About this exercise: From the line holding "A well-proportioned double" through the line holding "6. 加入香菇:將泡發(fā" below, write out every line exactly; include both of those lines and drop the pictures.

****

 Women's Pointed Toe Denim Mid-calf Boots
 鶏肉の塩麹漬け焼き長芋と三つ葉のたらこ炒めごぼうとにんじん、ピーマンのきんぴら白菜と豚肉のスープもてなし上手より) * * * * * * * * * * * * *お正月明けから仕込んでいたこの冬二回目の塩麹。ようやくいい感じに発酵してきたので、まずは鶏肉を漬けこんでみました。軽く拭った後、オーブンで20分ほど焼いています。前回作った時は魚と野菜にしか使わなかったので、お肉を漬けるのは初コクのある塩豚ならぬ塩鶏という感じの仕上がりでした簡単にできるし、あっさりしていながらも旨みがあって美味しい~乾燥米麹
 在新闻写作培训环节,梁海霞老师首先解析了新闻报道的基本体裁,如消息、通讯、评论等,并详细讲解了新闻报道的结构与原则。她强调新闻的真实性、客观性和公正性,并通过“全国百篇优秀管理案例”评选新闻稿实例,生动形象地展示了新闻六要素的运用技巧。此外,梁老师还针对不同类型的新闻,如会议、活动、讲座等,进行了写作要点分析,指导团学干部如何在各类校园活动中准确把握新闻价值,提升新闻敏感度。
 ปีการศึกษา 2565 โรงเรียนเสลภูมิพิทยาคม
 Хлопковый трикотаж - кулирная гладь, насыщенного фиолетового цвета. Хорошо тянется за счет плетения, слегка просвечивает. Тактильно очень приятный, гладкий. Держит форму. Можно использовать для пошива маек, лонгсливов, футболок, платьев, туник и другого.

****

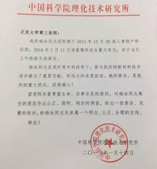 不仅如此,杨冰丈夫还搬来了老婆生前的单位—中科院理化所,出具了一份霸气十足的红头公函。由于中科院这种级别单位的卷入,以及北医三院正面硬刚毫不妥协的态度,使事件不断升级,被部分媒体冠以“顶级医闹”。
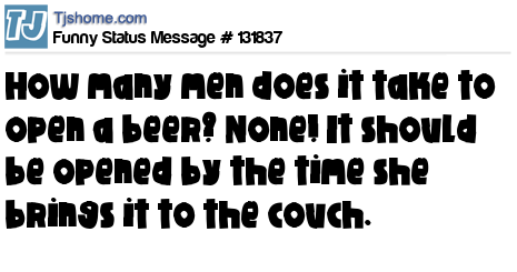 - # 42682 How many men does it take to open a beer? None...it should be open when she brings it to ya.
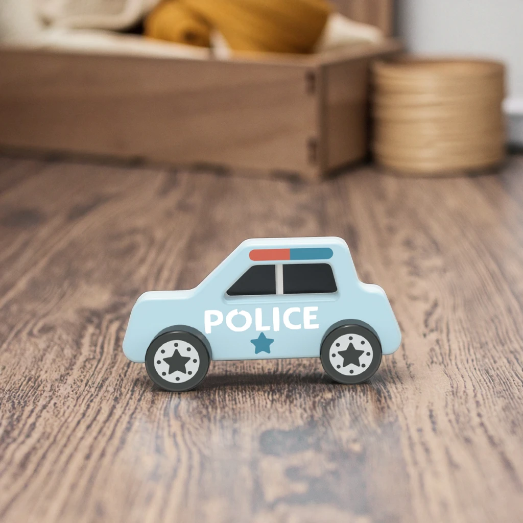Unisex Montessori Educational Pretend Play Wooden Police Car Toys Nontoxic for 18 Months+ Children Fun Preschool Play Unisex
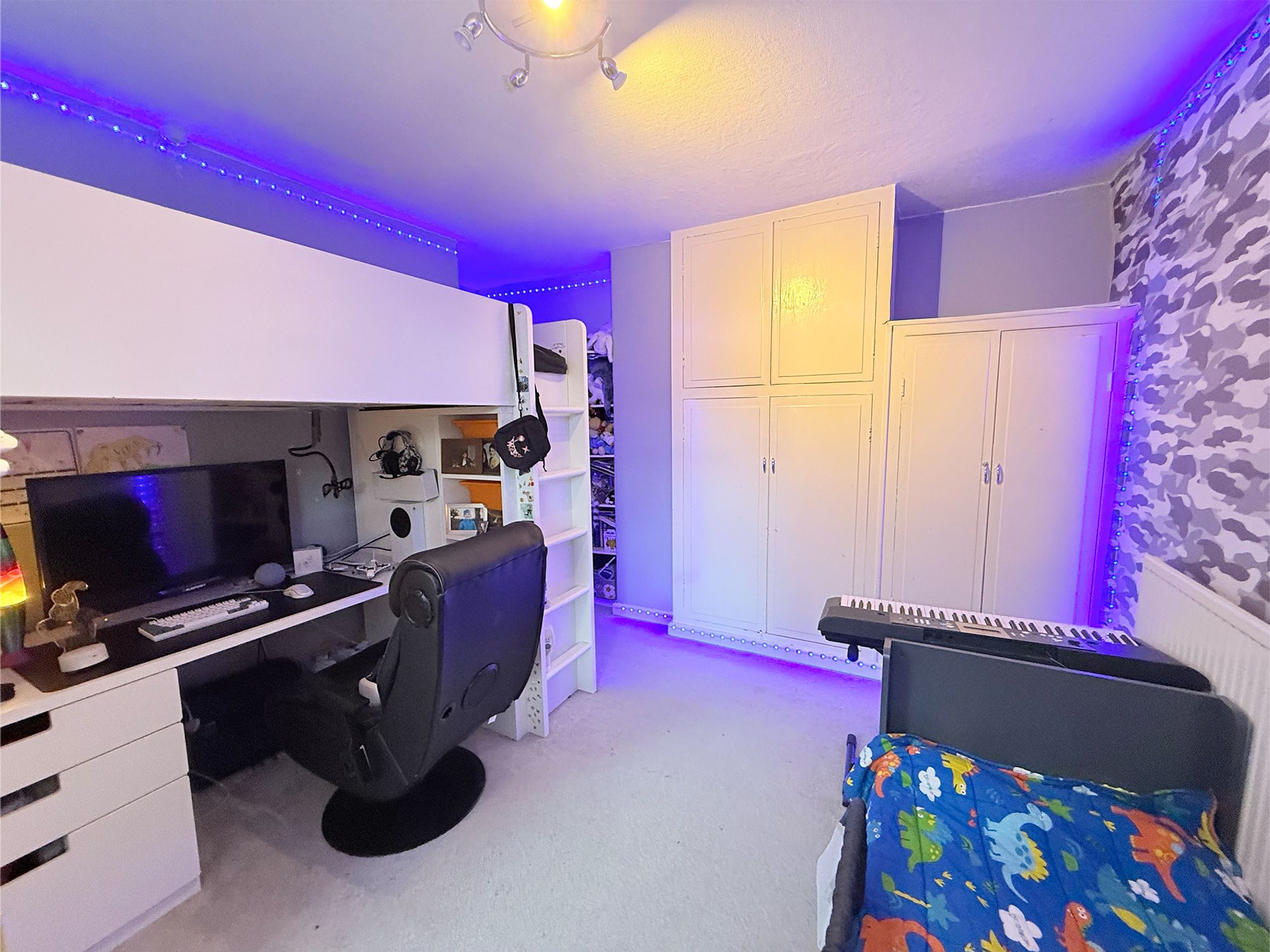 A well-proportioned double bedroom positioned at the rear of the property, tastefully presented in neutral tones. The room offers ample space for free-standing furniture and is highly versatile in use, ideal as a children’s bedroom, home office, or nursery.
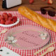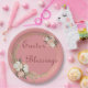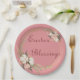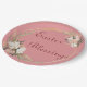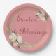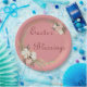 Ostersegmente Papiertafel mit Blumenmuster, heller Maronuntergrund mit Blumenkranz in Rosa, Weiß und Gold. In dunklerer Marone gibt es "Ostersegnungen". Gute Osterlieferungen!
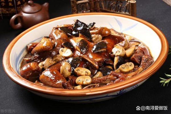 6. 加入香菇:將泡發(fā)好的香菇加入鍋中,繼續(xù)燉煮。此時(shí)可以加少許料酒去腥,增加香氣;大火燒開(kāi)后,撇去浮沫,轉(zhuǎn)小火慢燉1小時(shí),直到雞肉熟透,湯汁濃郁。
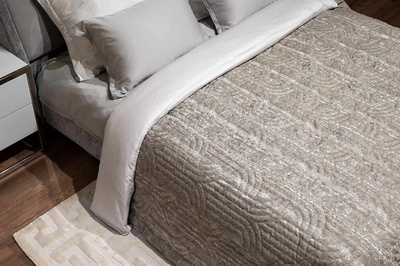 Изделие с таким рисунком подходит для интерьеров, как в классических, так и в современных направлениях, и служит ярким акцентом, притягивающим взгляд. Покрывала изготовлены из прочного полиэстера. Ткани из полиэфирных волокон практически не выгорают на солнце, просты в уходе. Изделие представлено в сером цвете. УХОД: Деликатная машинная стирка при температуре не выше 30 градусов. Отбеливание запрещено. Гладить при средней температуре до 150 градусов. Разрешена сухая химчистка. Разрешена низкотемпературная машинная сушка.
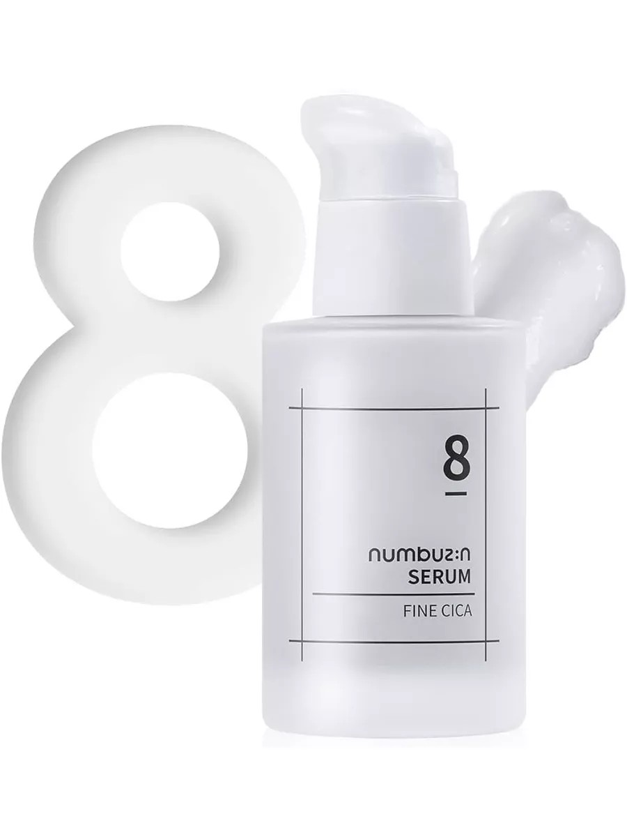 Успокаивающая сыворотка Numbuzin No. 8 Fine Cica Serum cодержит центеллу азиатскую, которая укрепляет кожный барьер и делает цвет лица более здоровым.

****

Response below:
 A well-proportioned double bedroom positioned at the rear of the property, tastefully presented in neutral tones. The room offers ample space for free-standing furniture and is highly versatile in use, ideal as a children’s bedroom, home office, or nursery.
 Ostersegmente Papiertafel mit Blumenmuster, heller Maronuntergrund mit Blumenkranz in Rosa, Weiß und Gold. In dunklerer Marone gibt es "Ostersegnungen". Gute Osterlieferungen!
 6. 加入香菇:將泡發(fā)好的香菇加入鍋中,繼續(xù)燉煮。此時(shí)可以加少許料酒去腥,增加香氣;大火燒開(kāi)后,撇去浮沫,轉(zhuǎn)小火慢燉1小時(shí),直到雞肉熟透,湯汁濃郁。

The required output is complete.